I opened up the registry editor and I navigated to the registry keys that were the cause of the problem. I then attempted to delete the keys as outlined in the articles and the Terminal Server crashed. Bingo! I was on the right path. After the Terminal Server came back online I tried to take ownership of the keys so that I could delete them, and once again the server crashed.

It seems that the only way that I could delete the registry keys was to use an offline method to access the registry. I used the Windows installation CD to boot up the Terminal Server and used the system recovery options to startup regedit.exe. I loaded the software hive from  the C: drive and deleted the corrupt printer registry keys. Once I had done that I unloaded the registry hive and rebooted the Terminal Server. When the Terminal Server came back online I logged back in, started up regedit.exe, and sure enough those registry keys were gone.

I asked the Help Desk to put the affected users back on the Terminal Server and so far there have been no further crashes.

So what was the cause of the problem?

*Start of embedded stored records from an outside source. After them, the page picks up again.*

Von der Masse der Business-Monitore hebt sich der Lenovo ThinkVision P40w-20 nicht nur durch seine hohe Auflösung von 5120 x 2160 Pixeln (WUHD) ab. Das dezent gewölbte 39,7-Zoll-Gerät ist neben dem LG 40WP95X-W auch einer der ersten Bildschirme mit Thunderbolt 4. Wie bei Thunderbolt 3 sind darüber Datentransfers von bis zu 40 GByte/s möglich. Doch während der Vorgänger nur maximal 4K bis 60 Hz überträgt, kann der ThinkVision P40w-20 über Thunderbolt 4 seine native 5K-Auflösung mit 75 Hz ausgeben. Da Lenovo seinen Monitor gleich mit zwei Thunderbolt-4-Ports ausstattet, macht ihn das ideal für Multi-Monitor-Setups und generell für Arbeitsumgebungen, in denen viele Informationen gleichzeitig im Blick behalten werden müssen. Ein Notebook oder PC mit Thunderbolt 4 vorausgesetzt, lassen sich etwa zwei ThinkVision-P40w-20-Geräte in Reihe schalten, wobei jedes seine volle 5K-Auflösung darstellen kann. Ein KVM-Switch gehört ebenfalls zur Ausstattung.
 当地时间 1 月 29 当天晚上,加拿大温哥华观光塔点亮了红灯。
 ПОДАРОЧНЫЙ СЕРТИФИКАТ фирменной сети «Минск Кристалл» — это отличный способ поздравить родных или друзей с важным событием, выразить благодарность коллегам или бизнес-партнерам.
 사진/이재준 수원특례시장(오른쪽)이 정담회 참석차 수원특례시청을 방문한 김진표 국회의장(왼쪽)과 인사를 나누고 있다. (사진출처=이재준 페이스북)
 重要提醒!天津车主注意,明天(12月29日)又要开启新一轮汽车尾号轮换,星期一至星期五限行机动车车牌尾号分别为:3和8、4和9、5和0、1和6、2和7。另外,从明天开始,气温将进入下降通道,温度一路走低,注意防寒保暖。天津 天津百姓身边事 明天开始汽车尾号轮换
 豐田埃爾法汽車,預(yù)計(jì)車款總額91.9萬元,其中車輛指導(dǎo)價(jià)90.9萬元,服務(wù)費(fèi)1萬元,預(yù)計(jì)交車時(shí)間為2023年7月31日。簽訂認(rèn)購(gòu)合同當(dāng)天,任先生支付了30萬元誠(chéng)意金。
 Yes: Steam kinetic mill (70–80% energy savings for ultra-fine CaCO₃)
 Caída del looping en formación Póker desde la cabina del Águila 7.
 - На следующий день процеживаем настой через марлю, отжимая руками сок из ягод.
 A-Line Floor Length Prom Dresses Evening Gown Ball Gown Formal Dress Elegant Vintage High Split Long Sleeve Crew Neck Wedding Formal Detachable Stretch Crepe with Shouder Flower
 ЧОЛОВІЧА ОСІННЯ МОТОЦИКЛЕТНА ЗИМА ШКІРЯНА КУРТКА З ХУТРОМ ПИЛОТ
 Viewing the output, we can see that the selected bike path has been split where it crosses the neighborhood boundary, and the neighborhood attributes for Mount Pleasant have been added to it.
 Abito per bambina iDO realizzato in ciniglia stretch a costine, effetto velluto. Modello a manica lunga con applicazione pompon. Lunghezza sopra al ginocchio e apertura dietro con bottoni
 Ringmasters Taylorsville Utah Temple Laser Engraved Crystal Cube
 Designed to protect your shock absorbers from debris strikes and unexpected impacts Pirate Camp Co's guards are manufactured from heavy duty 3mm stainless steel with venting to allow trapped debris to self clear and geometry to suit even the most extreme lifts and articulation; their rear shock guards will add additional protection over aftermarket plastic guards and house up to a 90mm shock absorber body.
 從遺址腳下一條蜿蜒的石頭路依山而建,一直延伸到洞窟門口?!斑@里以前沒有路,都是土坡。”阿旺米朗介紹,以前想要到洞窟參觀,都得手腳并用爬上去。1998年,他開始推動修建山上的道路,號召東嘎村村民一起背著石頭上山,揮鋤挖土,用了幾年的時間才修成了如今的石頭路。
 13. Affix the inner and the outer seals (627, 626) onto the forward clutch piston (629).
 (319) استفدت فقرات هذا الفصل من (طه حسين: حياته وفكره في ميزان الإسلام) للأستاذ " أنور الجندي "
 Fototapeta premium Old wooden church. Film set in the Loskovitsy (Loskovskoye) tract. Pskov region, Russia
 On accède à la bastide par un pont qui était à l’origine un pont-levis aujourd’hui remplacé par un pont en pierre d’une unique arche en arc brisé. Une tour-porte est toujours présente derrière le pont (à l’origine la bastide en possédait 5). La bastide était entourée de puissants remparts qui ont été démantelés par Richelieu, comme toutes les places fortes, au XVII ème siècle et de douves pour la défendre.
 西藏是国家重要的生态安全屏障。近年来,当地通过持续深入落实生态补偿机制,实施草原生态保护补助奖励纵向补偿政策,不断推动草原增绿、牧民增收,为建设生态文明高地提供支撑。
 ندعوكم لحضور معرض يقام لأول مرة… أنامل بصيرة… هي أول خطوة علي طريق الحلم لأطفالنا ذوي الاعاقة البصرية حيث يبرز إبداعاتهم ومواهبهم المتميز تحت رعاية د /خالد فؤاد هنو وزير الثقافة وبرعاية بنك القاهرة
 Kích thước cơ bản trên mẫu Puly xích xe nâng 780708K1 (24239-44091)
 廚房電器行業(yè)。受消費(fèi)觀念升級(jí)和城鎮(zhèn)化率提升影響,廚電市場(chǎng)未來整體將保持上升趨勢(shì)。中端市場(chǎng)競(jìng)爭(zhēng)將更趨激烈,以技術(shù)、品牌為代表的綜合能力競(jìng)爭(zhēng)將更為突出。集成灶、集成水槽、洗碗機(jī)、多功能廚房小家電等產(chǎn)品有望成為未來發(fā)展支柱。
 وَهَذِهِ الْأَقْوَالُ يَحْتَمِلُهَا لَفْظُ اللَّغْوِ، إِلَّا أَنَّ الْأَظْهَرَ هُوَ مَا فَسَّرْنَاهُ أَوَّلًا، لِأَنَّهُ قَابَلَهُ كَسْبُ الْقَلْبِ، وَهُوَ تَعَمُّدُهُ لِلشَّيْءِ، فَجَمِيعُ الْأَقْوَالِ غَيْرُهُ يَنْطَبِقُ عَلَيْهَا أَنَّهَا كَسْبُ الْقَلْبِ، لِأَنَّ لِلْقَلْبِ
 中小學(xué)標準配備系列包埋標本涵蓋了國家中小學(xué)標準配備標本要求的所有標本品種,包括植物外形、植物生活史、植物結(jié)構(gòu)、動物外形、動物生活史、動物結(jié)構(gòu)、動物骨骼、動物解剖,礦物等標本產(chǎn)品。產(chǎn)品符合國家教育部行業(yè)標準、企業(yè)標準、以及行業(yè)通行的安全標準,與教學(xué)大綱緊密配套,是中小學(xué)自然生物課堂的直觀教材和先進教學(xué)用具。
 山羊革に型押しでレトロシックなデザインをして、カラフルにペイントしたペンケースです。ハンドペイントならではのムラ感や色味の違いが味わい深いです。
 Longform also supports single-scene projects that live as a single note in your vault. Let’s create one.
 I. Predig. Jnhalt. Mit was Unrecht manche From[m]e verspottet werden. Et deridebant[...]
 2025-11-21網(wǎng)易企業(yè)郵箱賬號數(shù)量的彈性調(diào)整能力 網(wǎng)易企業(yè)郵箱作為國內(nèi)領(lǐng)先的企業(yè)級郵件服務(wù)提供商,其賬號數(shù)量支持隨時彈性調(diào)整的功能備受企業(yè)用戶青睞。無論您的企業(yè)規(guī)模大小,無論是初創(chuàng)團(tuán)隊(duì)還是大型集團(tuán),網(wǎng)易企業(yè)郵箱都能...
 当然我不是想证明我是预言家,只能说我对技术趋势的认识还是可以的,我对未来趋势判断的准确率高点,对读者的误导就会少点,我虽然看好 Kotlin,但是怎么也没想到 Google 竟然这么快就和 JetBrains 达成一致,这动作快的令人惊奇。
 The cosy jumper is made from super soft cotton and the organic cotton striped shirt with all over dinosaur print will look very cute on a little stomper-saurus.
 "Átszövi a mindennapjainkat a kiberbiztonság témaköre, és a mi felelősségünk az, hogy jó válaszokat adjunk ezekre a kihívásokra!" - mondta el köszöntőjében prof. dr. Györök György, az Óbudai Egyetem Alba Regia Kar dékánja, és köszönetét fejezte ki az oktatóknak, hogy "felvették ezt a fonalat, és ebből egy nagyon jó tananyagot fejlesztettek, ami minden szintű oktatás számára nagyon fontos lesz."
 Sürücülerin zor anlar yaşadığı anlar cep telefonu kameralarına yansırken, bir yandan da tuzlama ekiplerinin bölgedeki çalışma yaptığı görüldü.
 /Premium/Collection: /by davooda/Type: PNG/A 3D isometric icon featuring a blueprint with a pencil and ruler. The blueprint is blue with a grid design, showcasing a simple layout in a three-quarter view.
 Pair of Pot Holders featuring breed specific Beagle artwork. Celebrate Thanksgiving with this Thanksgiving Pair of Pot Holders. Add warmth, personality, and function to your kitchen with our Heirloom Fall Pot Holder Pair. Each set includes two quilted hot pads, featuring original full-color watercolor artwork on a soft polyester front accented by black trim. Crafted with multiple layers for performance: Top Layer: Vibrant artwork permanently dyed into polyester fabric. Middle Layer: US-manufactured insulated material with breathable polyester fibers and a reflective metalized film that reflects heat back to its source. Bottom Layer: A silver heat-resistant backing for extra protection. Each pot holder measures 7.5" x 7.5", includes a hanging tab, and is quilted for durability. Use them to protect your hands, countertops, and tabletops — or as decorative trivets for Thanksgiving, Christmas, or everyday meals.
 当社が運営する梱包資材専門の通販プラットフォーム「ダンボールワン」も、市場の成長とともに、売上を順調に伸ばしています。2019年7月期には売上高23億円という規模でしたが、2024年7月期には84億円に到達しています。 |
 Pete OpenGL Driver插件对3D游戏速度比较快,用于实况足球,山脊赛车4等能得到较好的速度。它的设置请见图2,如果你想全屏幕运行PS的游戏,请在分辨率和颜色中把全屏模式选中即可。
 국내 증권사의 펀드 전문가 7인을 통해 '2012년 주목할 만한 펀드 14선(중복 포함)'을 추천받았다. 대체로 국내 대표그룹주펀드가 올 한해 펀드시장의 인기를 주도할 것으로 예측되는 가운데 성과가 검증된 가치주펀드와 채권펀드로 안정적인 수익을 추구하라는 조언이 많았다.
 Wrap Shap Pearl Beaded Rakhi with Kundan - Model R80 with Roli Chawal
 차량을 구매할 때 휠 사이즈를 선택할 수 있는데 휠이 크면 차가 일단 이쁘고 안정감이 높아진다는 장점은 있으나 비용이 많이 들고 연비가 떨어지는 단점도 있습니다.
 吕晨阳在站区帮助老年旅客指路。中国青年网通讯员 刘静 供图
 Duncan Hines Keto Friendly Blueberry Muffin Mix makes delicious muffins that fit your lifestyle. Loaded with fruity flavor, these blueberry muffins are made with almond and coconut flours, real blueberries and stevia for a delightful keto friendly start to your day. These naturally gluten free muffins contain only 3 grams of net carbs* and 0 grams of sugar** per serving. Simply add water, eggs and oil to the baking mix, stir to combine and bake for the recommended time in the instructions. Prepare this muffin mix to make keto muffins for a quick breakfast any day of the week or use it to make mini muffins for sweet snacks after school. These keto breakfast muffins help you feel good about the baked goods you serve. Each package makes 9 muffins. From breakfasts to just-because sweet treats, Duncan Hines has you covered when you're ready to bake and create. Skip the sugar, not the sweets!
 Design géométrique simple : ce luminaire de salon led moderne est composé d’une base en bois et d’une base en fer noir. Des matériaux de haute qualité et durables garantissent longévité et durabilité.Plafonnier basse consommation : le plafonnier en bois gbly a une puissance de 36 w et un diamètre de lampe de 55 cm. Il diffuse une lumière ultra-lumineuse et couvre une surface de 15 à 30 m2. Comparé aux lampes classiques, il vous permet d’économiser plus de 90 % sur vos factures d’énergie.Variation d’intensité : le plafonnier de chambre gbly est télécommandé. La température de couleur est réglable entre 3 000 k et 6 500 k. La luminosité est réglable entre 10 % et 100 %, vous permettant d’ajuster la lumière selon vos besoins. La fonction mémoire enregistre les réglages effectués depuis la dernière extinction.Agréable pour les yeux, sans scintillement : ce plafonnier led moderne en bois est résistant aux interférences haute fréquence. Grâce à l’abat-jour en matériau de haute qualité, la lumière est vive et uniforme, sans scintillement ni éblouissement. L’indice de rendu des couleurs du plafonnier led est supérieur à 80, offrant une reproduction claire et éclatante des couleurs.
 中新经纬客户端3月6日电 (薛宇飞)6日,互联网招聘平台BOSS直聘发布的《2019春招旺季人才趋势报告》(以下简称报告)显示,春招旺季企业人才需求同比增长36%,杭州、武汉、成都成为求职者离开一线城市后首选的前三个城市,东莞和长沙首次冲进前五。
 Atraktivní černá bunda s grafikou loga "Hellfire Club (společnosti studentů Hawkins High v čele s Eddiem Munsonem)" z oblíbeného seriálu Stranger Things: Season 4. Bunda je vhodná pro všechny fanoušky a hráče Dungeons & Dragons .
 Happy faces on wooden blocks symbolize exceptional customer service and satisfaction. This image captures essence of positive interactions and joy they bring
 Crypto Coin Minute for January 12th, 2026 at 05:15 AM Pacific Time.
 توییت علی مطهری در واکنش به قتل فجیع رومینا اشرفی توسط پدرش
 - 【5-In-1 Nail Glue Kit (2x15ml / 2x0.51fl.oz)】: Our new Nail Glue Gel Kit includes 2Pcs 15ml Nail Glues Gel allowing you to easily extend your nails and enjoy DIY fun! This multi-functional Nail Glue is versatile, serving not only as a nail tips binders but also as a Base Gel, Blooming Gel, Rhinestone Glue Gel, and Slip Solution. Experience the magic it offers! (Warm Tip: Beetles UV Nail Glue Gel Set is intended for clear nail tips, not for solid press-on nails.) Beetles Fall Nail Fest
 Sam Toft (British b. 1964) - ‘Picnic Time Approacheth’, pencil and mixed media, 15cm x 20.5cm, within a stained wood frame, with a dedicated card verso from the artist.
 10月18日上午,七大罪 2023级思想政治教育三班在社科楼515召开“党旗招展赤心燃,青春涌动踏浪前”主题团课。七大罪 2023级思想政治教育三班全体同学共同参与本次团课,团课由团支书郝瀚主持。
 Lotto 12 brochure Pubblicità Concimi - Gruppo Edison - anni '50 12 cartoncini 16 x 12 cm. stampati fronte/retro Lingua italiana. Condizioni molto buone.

It seems that whenever the users logged unto the Terminal Server environment a msiexec.exe process will run and attempt to install printer drivers. As a part of the installation process msiexec.exe will attempt to enumerate the printer registry keys and once it tried to access the corrupt area of the printer registry the Terminal Server would reboot.

In the earlier part of my career if I had this problem I would have little choice but to rebuild the Terminal Server, because I would not have been able to find out what was the cause of the BSOD. Now I can use the Windows Debugging Tools to analyze a memory dump and find out what is going wrong with the server.